New York Life Foundation Awards $1.4 Million to National Center for School Crisis and Bereavement
The New York Life Foundation has announced a four-year, $1.4 million grant to the National Center for School Crisis and Bereavement to fund ongoing operations and build its capacity to provide bereavement resources in schools.
Located at St. Christopher's Hospital for Children and the Drexel University College of Medicine, the center provides counsel and training to school professionals, mental health providers, and other professionals who work with grieving children and families.
The grant also will be used to establish the Coalition to Support Grieving Students, an effort to bring together national educational associations to provide the expertise required to develop bereavement resources such as training modules, guided learning, talking points, and supportive materials. The initiative is believed to be the first of its kind.
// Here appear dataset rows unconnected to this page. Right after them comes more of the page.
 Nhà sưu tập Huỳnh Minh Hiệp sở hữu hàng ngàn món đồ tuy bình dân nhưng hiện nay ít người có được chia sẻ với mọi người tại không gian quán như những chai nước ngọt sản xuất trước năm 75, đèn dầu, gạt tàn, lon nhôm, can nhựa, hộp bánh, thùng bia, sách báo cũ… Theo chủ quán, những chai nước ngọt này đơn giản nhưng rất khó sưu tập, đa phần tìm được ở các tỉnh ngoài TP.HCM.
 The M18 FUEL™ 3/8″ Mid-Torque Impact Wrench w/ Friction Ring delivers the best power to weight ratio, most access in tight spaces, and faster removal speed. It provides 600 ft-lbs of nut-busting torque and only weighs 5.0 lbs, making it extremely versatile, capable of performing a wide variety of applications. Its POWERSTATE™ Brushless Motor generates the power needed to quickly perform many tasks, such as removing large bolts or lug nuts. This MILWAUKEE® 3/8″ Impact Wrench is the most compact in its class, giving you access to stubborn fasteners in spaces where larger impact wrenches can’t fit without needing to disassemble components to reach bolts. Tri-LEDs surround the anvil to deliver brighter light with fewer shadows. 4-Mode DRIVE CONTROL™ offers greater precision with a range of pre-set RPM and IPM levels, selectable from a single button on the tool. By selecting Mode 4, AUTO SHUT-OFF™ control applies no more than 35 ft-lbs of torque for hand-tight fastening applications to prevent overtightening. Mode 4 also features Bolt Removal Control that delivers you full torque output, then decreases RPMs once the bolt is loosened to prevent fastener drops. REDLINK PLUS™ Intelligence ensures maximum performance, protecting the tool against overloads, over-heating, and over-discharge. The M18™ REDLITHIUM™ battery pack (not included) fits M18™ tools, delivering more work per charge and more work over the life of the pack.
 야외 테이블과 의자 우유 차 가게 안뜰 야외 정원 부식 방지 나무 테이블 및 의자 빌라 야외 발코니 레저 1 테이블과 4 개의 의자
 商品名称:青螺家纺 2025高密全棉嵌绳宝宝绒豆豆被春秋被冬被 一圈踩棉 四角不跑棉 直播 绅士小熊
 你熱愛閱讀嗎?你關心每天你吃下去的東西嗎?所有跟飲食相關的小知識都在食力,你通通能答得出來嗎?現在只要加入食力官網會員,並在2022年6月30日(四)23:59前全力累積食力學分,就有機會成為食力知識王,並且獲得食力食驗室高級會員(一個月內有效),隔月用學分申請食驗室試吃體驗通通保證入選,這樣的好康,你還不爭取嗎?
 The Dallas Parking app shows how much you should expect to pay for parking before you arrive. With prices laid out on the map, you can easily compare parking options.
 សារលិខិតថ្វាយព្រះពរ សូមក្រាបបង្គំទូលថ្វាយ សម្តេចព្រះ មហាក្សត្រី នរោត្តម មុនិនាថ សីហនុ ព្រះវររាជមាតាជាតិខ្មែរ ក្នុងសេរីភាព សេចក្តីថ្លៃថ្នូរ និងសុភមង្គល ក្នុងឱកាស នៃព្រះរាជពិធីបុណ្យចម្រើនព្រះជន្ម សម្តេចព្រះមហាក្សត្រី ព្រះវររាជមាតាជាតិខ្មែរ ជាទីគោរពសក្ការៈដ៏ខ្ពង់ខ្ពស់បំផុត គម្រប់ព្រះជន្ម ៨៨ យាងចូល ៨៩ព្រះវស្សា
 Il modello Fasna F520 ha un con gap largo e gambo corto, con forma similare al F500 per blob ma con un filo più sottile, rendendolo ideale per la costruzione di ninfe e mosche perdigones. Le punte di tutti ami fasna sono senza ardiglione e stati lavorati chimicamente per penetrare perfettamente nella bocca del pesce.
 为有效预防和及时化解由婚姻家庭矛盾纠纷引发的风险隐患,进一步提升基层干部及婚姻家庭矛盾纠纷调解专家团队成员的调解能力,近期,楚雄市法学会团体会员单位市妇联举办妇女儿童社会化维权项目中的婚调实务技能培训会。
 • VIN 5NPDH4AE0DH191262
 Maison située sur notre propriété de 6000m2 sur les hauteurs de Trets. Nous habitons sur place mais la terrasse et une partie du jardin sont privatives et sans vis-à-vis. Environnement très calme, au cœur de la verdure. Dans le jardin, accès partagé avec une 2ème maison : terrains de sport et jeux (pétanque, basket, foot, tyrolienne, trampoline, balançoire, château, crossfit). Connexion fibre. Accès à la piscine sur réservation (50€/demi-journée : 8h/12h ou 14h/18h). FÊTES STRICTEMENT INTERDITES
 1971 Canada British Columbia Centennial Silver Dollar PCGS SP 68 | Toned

"We are proud to be part of this critical project that will create a centralized, widely accepted resource that will provide educators and other school personnel with the information and training they need to help grieving children in K through twelfth grade," said National Center for School Crisis and Bereavement director David Schonfeld, a pediatrician-in-chief at St. Christopher's and chair of the Department of Pediatrics at the Drexel University College of Medicine. "The primary goal of the project is to recognize the important role that schools play in supporting children at times of loss and to empower educators and other school personnel to support grieving children in the school setting."